Material provided:
· · · ·

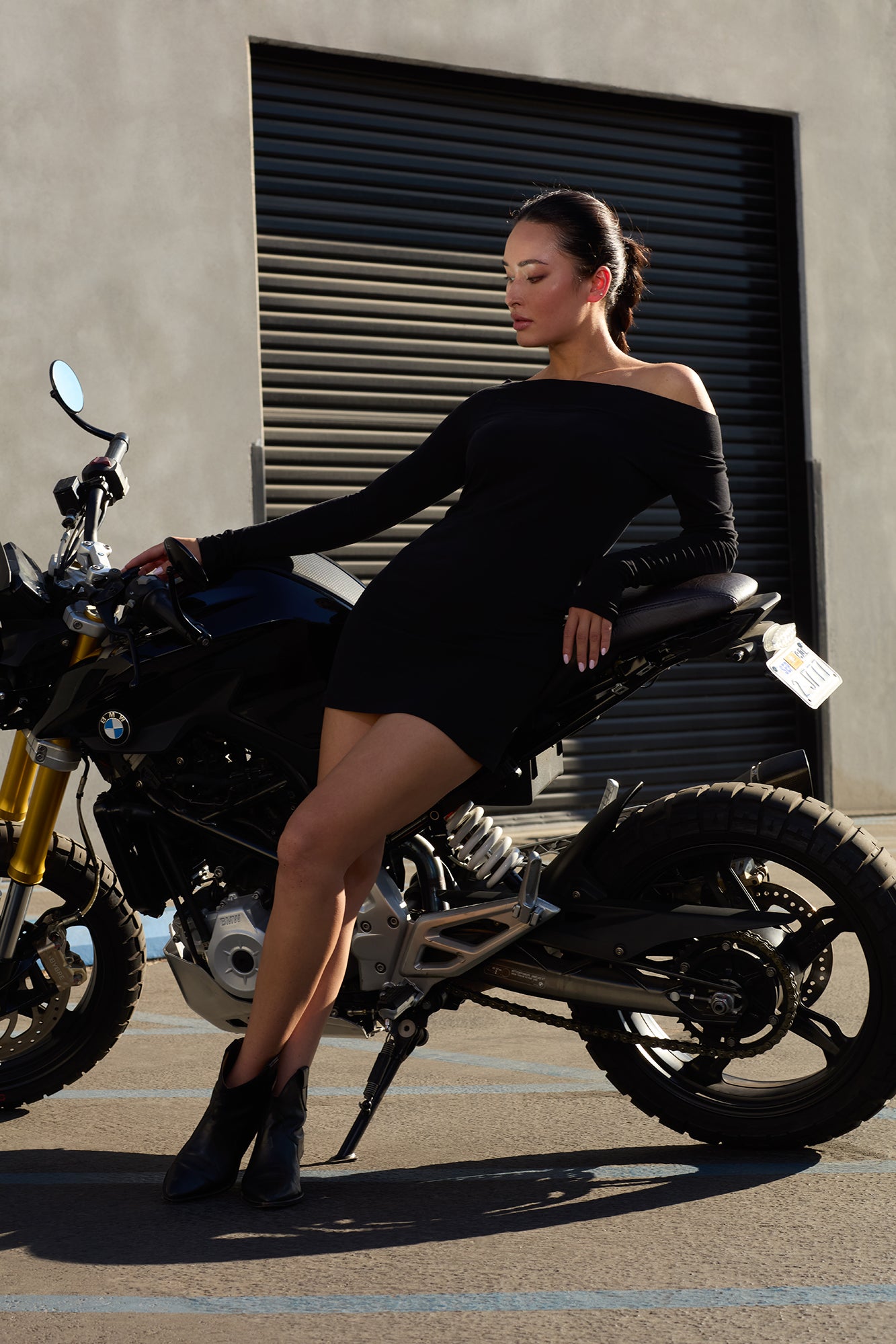 Sleek, minimal, and confidently feminine — the Off Shoulder Mini Dress delivers a sculpted silhouette with a touch of edge. Designed to be worn on or off the shoulders, this versatile style doubles as a fitted long sleeve tee or a mini dress, offering an effortlessly polished look that transitions from day to night.
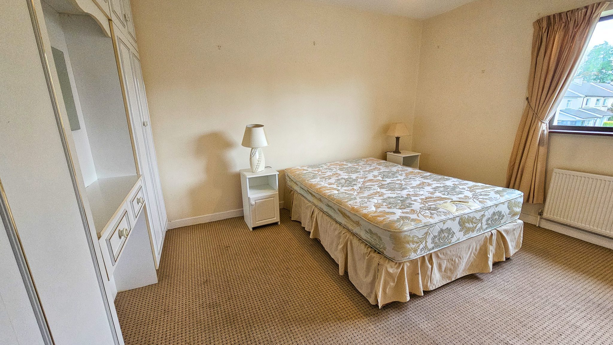 Carpet flooring, free-standing wardrobe, radiator.
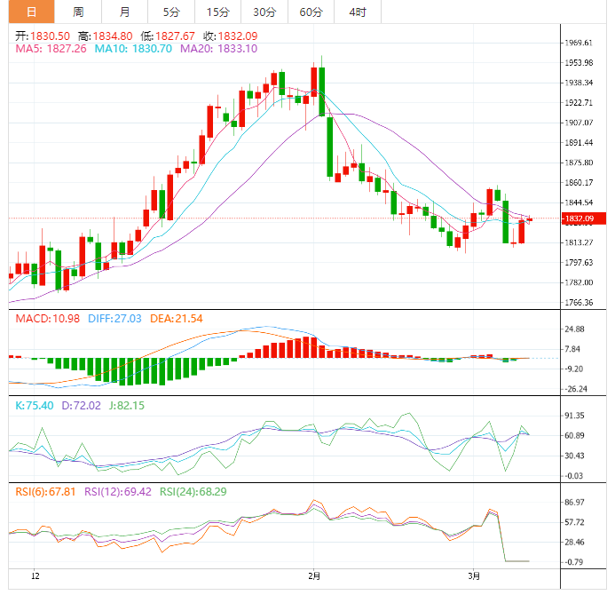 技术面:RSI跌入60附近,但尚未脱离看涨区间。若跌破1.1900的整数水平支撑位,美元多头将拖累该货币对进一步跌向3月8日高点1.1860和11月17日低点1.1763。
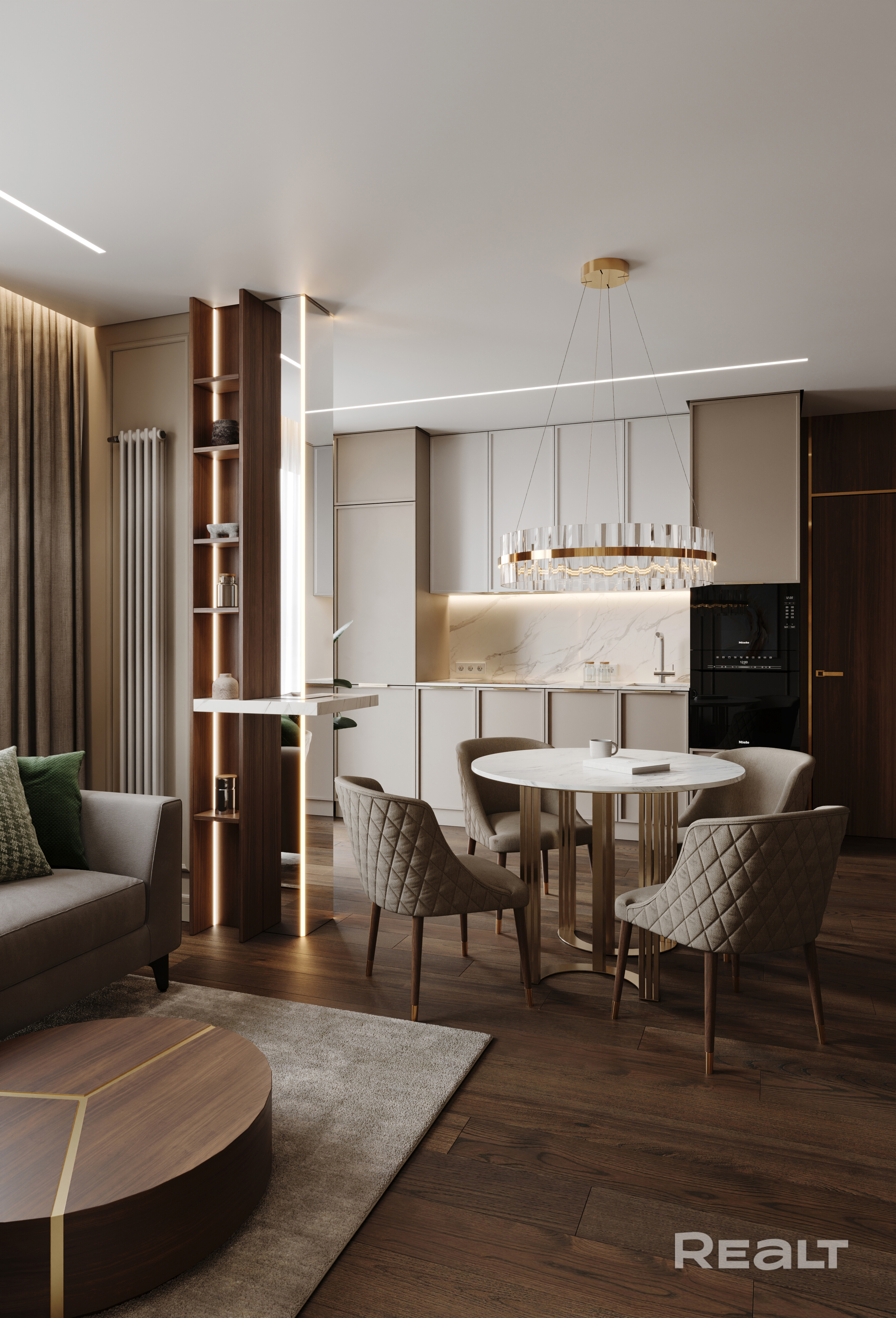 Кухня оборудована современной техникой от ведущих производителей: духовой шкаф, варочная панель, микроволновая печь, посудомоечная машина и холодильник. В ванных комнатах установлена сантехника Hansgrohe и Villeroy Boch, а также керамогранит премиум-класса.

· · · ·

What to do: In the listing above, transcribe exactly the lines from the line containing "Carpet flooring, free-standing" through the last one, both included, but not the pictures.

Response box:
 Carpet flooring, free-standing wardrobe, radiator.
 技术面:RSI跌入60附近,但尚未脱离看涨区间。若跌破1.1900的整数水平支撑位,美元多头将拖累该货币对进一步跌向3月8日高点1.1860和11月17日低点1.1763。
 Кухня оборудована современной техникой от ведущих производителей: духовой шкаф, варочная панель, микроволновая печь, посудомоечная машина и холодильник. В ванных комнатах установлена сантехника Hansgrohe и Villeroy Boch, а также керамогранит премиум-класса.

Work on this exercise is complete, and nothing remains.